Shareholders participating can start submitting questions now. On slide five, in regard to voting, if you are eligible to vote at this meeting, a voting tab will appear. Selecting this tab will bring up a list of resolutions and present you with voting options. To cast your vote, simply select one of the voting options. There is no need to hit a submit or enter button, as the votes are automatically recorded. You do, however, have the ability to change your vote up until the time I declare voting closed by selecting one of the other available options. I now declare the poll open on all items of business. I will provide a prior warning before I move to close the voting. I will now run through each of the resolutions to be voted on at today's meeting. Resolution one is the approval to issue Betr shares to PointsBet shareholders.

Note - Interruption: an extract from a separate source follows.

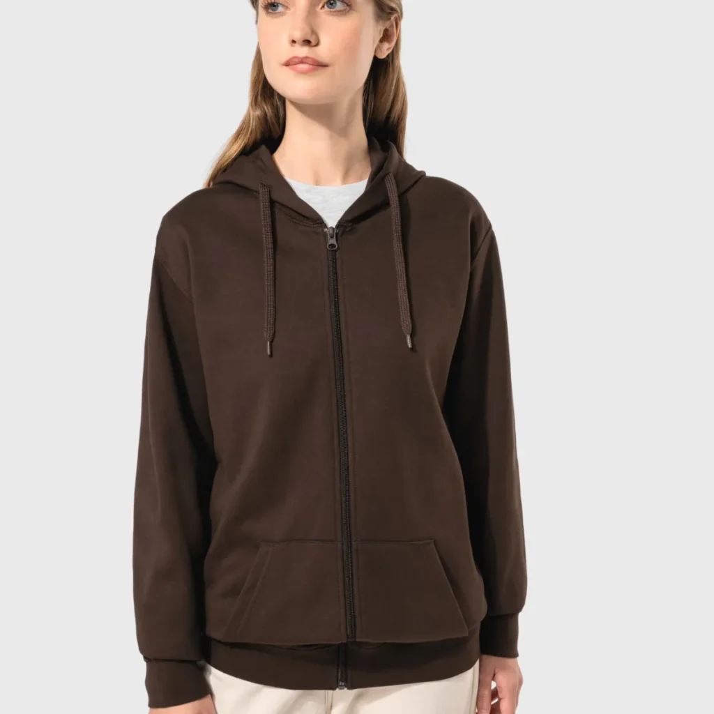 Ton logo placé sur un sweat col rond, une capuche zippé ou un pull unisexe : chaque pièce devient une vitrine ambulante. Idéal pour :

Resolution one seeks to require Betr shareholders' approval for the proposed issue of Betr shares to accepting PointsBet shareholders under the offer and for the purposes of ASX Listing Rule 7.1 and for all other purposes. The full resolution is displayed on your screen, along with the proxy votes received for this resolution. Resolution one is an ordinary resolution. For resolution one to be passed, a majority of more than 50% of votes cast on resolution one by eligible Betr shareholders, either in person or by proxy, attorney, or in the case of a corporation, its duly appointed corporate representative, must be cast in favour of resolution one. I will vote the undirected proxies in favour of this resolution. Resolution two is a resolution for the approval of the selective buyback. Resolution two is a special resolution for the approval of the selective buyback.

The full resolution is displayed on your screen, along with the proxy votes received for this resolution. Resolution two is conditional on resolution one being passed. This is because the selective buyback will only occur if the offer completes. For resolution two to pass, a special majority of more than 75% of the votes cast on resolution two by eligible Betr shareholders, either in person or by proxy, attorney, or in the case of a corporation, its duly appointed corporate representative, must be cast in favour of resolution two. I will vote the undirected proxies in favor of this resolution. Resolution three, just in regard to the approval of MIXI's participation in the buyback, as announced to the ASX on the 8th of September 2025, resolution three has been withdrawn. Therefore, accordingly, Betr shareholders are not required to vote on this resolution, and we will move to the next resolution.

Moving to slide nine, resolution four is the ratification of the prior issue of institutional placement shares. Resolution four seeks shareholder approval to refresh Betr's placement capacity under ASX Listing Rule 7.1, following Betr's fully underwritten $130 million equity raising and institutional placement in April-May of 2025. The full resolution is displayed on your screen, along with the proxy votes received for this resolution. Resolution four is an ordinary resolution. For resolution four to be passed, a majority of more than 50% of the votes cast on resolution four by eligible Betr shareholders, either in person or by proxy, attorney, or in the case of a corporation, its duly appointed corporate representative, must be cast in favor of resolution four. I will vote the undirected proxies in favor of this resolution. Moving to slide ten, questions.

I will now address the questions that shareholders have submitted through the course of the meeting. Anyone who wishes to ask a verbal question will be informed when to do so by the moderator. Laura, have we received any questions through the Looney platform?

Laura Newell
Joint Company Secretary, betr Entertainment Pty Ltd

Chairman, I can confirm that we have no written or verbal questions.

Matthew Tripp
Chairman, betr Entertainment Pty Ltd

Thank you, Laura. Therefore, if there are no questions, I will now ask you to please complete your voting in relation to all of the resolutions. Thank you. I now declare the poll closed. The results of the poll will be announced to the ASX following the meeting. Ladies and gentlemen, that concludes the business of the meeting. I now declare the meeting closed. Thank you for your time.